His tiny island of innocence, her father had called her with a trace of his aristocratic disdain. His moment of sanity, the one part of his adult life untainted by guilt. Well, it was untainted no more. She’d told him just how completely he’d destroyed her life, he and her father. After she left he’d probably come back and destroy the letter and she wouldn’t blame him.
Slowly, carefully she unfolded the delicate sheets of paper, leaning back to read the embarrassing words of her childhood. And then she refolded it without reading a sentence, putting it back in the book, this time next to Christina Rossetti’s own impassioned outpouring. She didn’t need to read it. All she had to do was lean back and close her eyes and she could feel the emotions washing over her. Because they were still there, still as strong, tempered by time and distance and a reluctant maturity that couldn’t talk her out of it. She still loved Jake Murphy, and she expected she always would.
The sudden flash of light was brilliant, blinding. The thunder that followed it shook the building, and Maddy could hear the crash of broken glass, the cracking, tumbling sou
nd of part of the building collapsing. It took her a moment to realize that it wasn’t a thunderstorm. Sam Lambert’s fortress was being shelled.
The next one was even more frightening, now that she knew what it was. She was about to dive under the bed when common sense reared its ugly head, and she realized that the second floor might not be the wisest choice. The first thing she had to do was to get her father down into the basement, and to safety. She couldn’t count on anyone there, with the exception of Jake, to see to that. And Jake would need help.
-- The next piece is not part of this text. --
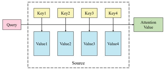 The self-attention mechanism is shown in Figure 5. Mathematically, the core computation of the attention mechanism involves three key matrices: Query, Key, and Value. Its essence lies in calculating similarity through matrix operations between Query and Key, obtaining a weight distribution after scaling, and then performing weighted aggregation with the Value matrix to generate the output representation. This series of matrix operations constitutes the basic computational paradigm of the attention mechanism.

She didn’t hesitate before she leaped from the bed. She considered changing for only a moment before the next shell hit even closer, and the bed shook on the rough wood floor. She grabbed her sandals and headed out into the hallway, just as the power flickered off.
The darkness closed around her like a tomb. She paused long enough to slip on the leather sandals, then moved off into the darkness, running a hand along the wall for a small measure of security. She could smell the acrid scent of gunpowder mixing with the dryness of plaster dust, and the floor beneath her feet crunched with the bits of the building that had rattled loose.
The next shell was the worst. Closed in the darkness, Maddy sank against the wall, whimpering in sudden panic, as the villa shook around her. At any moment she expected it to crumble into dust, at any moment she expected to be blown to kingdom come. Fast and cheap, Jake had said of life and death. She was learning the hard way.
She slipped on the stairs, scraping her hands and knees against the plaster rubble. She had no thought in mind but to try to reach her father’s room, not because it would do any good but because Jake would be there.
She heard him calling her from a distance, his voice harsh and curiously panicked. She never would have thought Jake would be frightened of anything. She turned back from her father’s room without a moment of hesitation, making her way carefully back down the debris-strewn staircase in the darkness.